Выбрать главу

За эти годы Аннушка похудела. Бледные губы, мягкие, размытых очертаний, очень выделялись на ее узеньком, большеглазом, оливково-смуглом лице. Одета она была все так же, как и в школьные годы, — плиссированная юбка и белая кофточка, маникюр она не делала, и ногти были коротко, по-детски острижены.

Чудаков, заметив, что Нонна рассматривает его жену, пошутил:

— Не разглядывайте ее, Нонночка. Все знают, что у каждой женщины есть скелет, но у Аннушки он виден и без рентгена. Это она из-за Алешки сохнет. Мучается, что он до сих пор не женат.

Аннушка сердито взглянула на мужа, и он торопливо принялся разливать вино. А сама Аннушка подсела к Нонне и начала расспрашивать ее о работе. Алексей неловко отхлебнул из рюмки и закашлялся.

К счастью, кто-то позвонил по телефону. Чудаков дотянулся до трубки, послушал, воскликнул:

— Конечно, конечно! Мы все будем очень рады! Только что приступаем! Приезжайте обязательно!

Он положил трубку на рычаг, обвел всех удивленным взглядом, поднял палец и сказал шепотом:

— Внимание! Сейчас приедет Михаил Борисович!

Увидев всеобщее изумление, засмеялся:

— Во всем виновата Нонна. Михаил Борисович ждал-ждал ее и догадался, что мы застряли за праздничным столом. Просите ее, чтобы защитила нас от разгрома!

Аннушка погрозила Алексею, который взялся было снова за недопитую рюмку, и побежала на кухню за новым прибором.

Нонна забеспокоилась:

— Может быть, мне съездить за папой?

— Нет, он сказал, что возьмет такси.

Нонна приняла безучастный вид и стала разглядывать квартиру.

Разглядывала и думала об Алексее.

Она знала, что Алексей получил квартиру одновременно с Чудаковым в том же доме — Аннушка сказала, — значит, квартиры у них близнецы. Только у Алексея одна комната, а у Чудаковых две. Значит, и там такие же низкие потолки неопределенного сиренево-белого тона, такие же неясные, серые обои, так же свисают с потолка три лампы на разной длины шнурках, закрытые целлофановыми цилиндрами. Обеденные столы в таких квартирах, покрытые ярким пластиком, обычно стоят на кухне, в близком соседстве с белыми шкафчиками для посуды и продуктов, холодильником и газовой плитой. Аннушка устроила свой «прием» в кабинете Чудакова, где обеденный стол почти вплотную приставлен к письменному, а о том, что тут живет и работает ученый, свидетельствуют только незастекленные стеллажи с непонятными книгами. А почему у окна стоит верстак, трудно даже догадаться. Ах да, Чудаков — экспериментатор, он должен сам придумывать и создавать приборы, с которыми ему приходится работать, или, во всяком случае, хоть модели этих приборов. У Алексея, наверно, только книги…
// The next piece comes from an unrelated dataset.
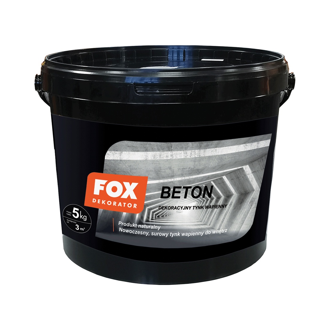 Fox Dekorator BETON – декоративна вапняна штукатурка з ефектом бетону. Модна, художня штукатурка, яка є ідеальною прикрасою сучасних житлових і громадських інтер'єрів. Прекрасно гармонує з металом, склом і необробленим деревом. Його поверхня нагадує натуральний, «брутальний» бетон.

И хотя с Бахтияровым ей пришлось жить в примитивном финском домике, где было, пожалуй, и хуже, чем здесь, она пожалела Алексея: наверно, скучно жить в такой клетке с низкими потолками, засыпать и просыпаться всегда одному, сидеть за столом одному… Может быть, именно поэтому он и провел почти все эти две недели в институте, даже спал, кажется, у себя в клетушке на четвертом этаже…

Она вдруг пожелала Алексею жену, такую же добрую и бесхитростную, как Аннушка, но неожиданно поймала его взгляд и смутилась. Он смотрел на Нонну недоверчиво, как будто проник в ее мысли.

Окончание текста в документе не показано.